First, we could add a *truth* rule.

  • Everything the players believe must be true. This puts constraints on 1, 2, 4 and 5.

This is a worthwhile enough constraint, albeit one considerably more externalist friendly than the constraints we usually use in decision theory. But it doesn’t rule out the ‘solution’ I described here, since everything the players believe is true.

Second, we could add a *converse truth* rule.

  • If something is true in virtue of the players’ credences, then each player believes it.

This would rule out our ‘solution’. After all, neither player believes the other player will play Heads, but both players will in fact play Heads. But in a slightly different case, the converse truth rule won’t help.

  • Each player believes, with probability 0.9, that they will play Heads.
  • Each player’s credence that the other player will play heads is 0.5.
  • Each player plays Heads.

Now nothing is guaranteed by the players’ beliefs about their own play. But we still don’t have a Nash equilibrium. We might wonder if this is really consistent with converse truth. I think this depends on how we interpret the first clause. If we think that the first clause must mean that each player will use a randomising device to make their choice, one that has a 0.9 chance of coming up heads, then converse truth would say that each player should believe that they will use such a device. And then the Principal Principle would say that each player should have credence 0.9 that the other player will play Heads, so this isn’t an equilibrium. But I think this is an overly _metaphysical_ interpretation of the first clause. The players might just be uncertain about what they will play, not certain that they will use some particular chance device. So we need a stronger constraint.
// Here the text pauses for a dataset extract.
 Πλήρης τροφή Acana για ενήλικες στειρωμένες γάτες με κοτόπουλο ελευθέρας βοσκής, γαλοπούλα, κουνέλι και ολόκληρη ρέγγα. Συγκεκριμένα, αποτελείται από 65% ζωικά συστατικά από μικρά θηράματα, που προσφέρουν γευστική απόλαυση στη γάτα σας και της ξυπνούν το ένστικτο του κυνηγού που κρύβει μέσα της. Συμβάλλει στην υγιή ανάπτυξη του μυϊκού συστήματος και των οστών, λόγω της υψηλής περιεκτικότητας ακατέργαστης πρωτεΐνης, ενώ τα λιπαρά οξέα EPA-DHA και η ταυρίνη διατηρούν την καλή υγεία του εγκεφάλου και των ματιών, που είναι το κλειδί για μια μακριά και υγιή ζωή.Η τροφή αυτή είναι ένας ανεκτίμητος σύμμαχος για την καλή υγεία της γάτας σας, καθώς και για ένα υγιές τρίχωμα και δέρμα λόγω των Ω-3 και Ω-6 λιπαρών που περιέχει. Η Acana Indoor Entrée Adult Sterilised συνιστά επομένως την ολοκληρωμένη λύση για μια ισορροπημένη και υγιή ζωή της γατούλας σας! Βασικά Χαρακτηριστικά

Third, then, we could try a *symmetry* rule.

  • Each player should have the same credences about what A will do, and each player should have the same credences about what B will do.

This will get us to Nash equilibrium. That is, the only solutions that are consistent with the above constraints, plus symmetry, are Nash equilibria of the original game. But what could possibly justify symmetry? Consider the following simple cooperative game.
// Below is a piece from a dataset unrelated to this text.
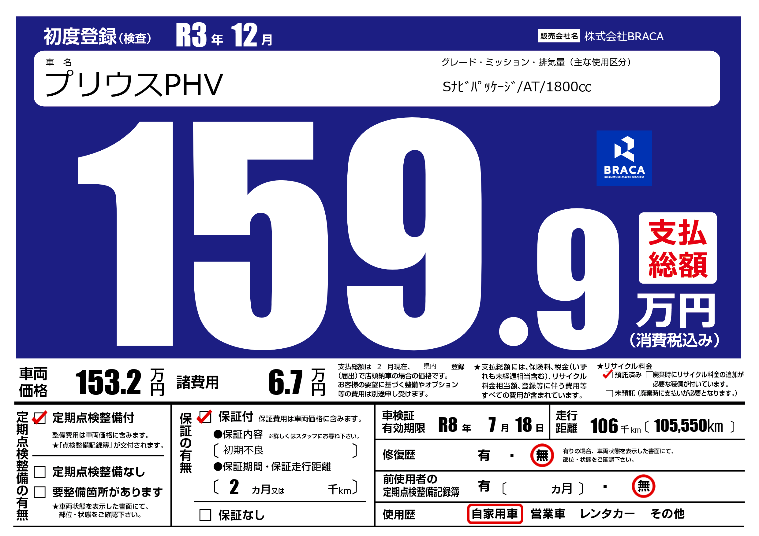 | 車名 | プリウスPHV | グレード ミッション 排気量 |

Each player must pick either Heads or Tails. Each player gets a payoff of 1 if the picks are the same, and 0 if the picks are different.
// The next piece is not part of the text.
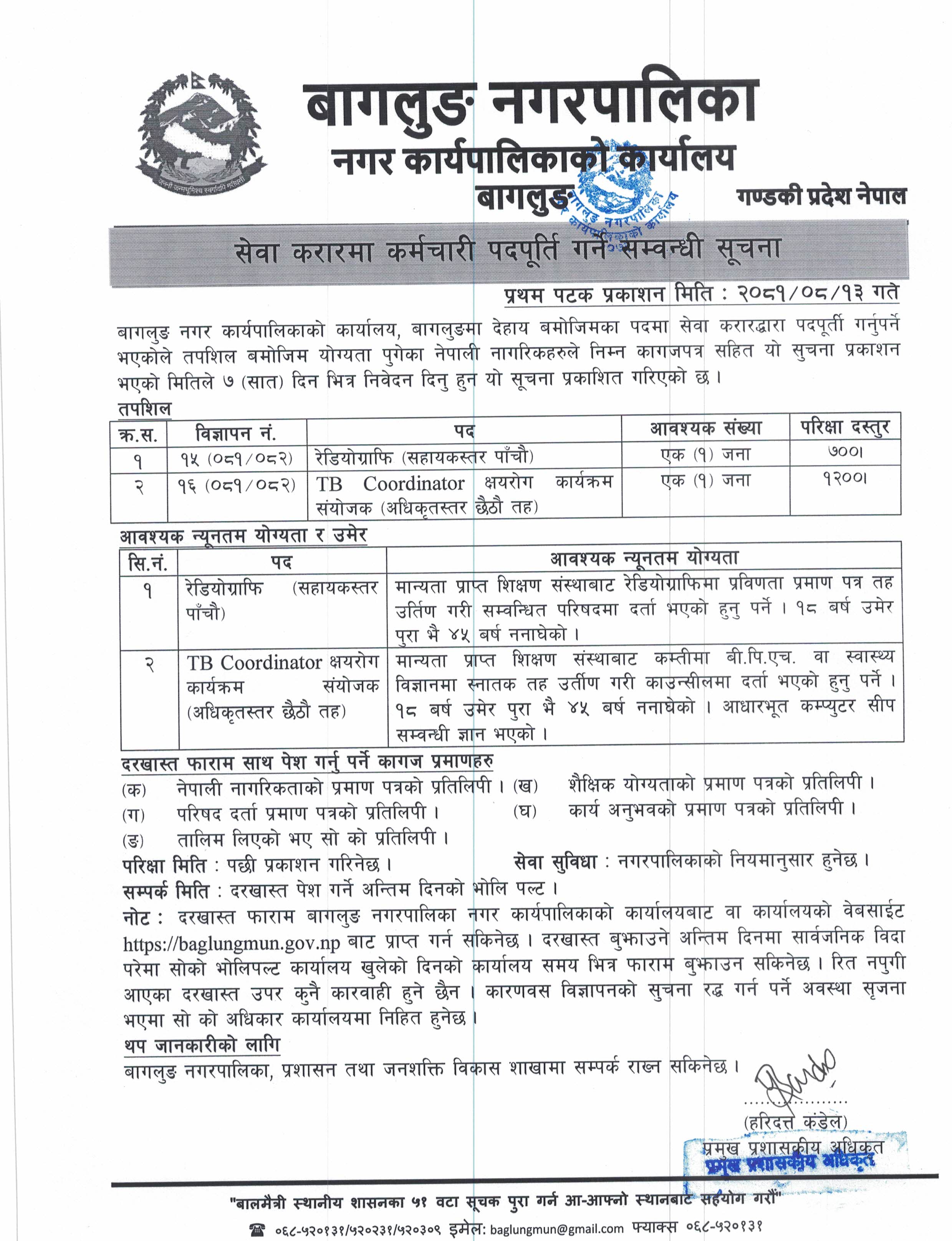 बागलुङ नगरपालिकामा कर्मचारी आवश्यकता सम्बन्धी सूचना

What could justify the claim that each player should have the same credence that A will pick Heads? Surely A could have better insight into this! So symmetry seems like too strong a constraint, but without symmetry, I don’t see how solving for our six ‘variables’ will inevitably point to a Nash equilibrium of the original game.

Perhaps we could motivate symmetry by deriving it from something even stronger. This is our fourth and final constraint, called *uniqueness*.

  • There is a unique rational credence function given any evidence set.

Assume also that players aren’t allowed, for whatever reason, to use knowledge not written in the game table. Assume further that there is common knowledge of rationality, as we usually assume. Now uniqueness will entail symmetry. And uniqueness, while controversial, is a well known philosophical theory. Moreover, symmetry plus the idea that we are simultaneously solving for the players’ beliefs and actions gets us the result that players always believe that a Nash equilibrium is being played. And the correctness condition on player beliefs means that rational players will always play Nash equilibria.

So we sort of have it, an argument from well-known (if not that widely endorsed) philosophical premises to the conclusion that when there is common knowledge of rationality, any game ends up in a Nash equilibrium.

Of course, we’ve used a premise that entails something way stronger. Uniqueness entails that any game has a unique rational equilibrium. That’s not, to put it mildly, something game theorists usually accept. The little coordination game I presented from a few paragraphs back is a game that sure looks like it has multiple equilibria! So I haven’t succeeded in deriving orthodox game theoretic conclusions from orthodox philosophical premises. But I think this epistemological tack is a better way to make game theory and philosophy look a little closer than they look if one starts thinking of game theorists as working on special (and specially important) cases of decision problems.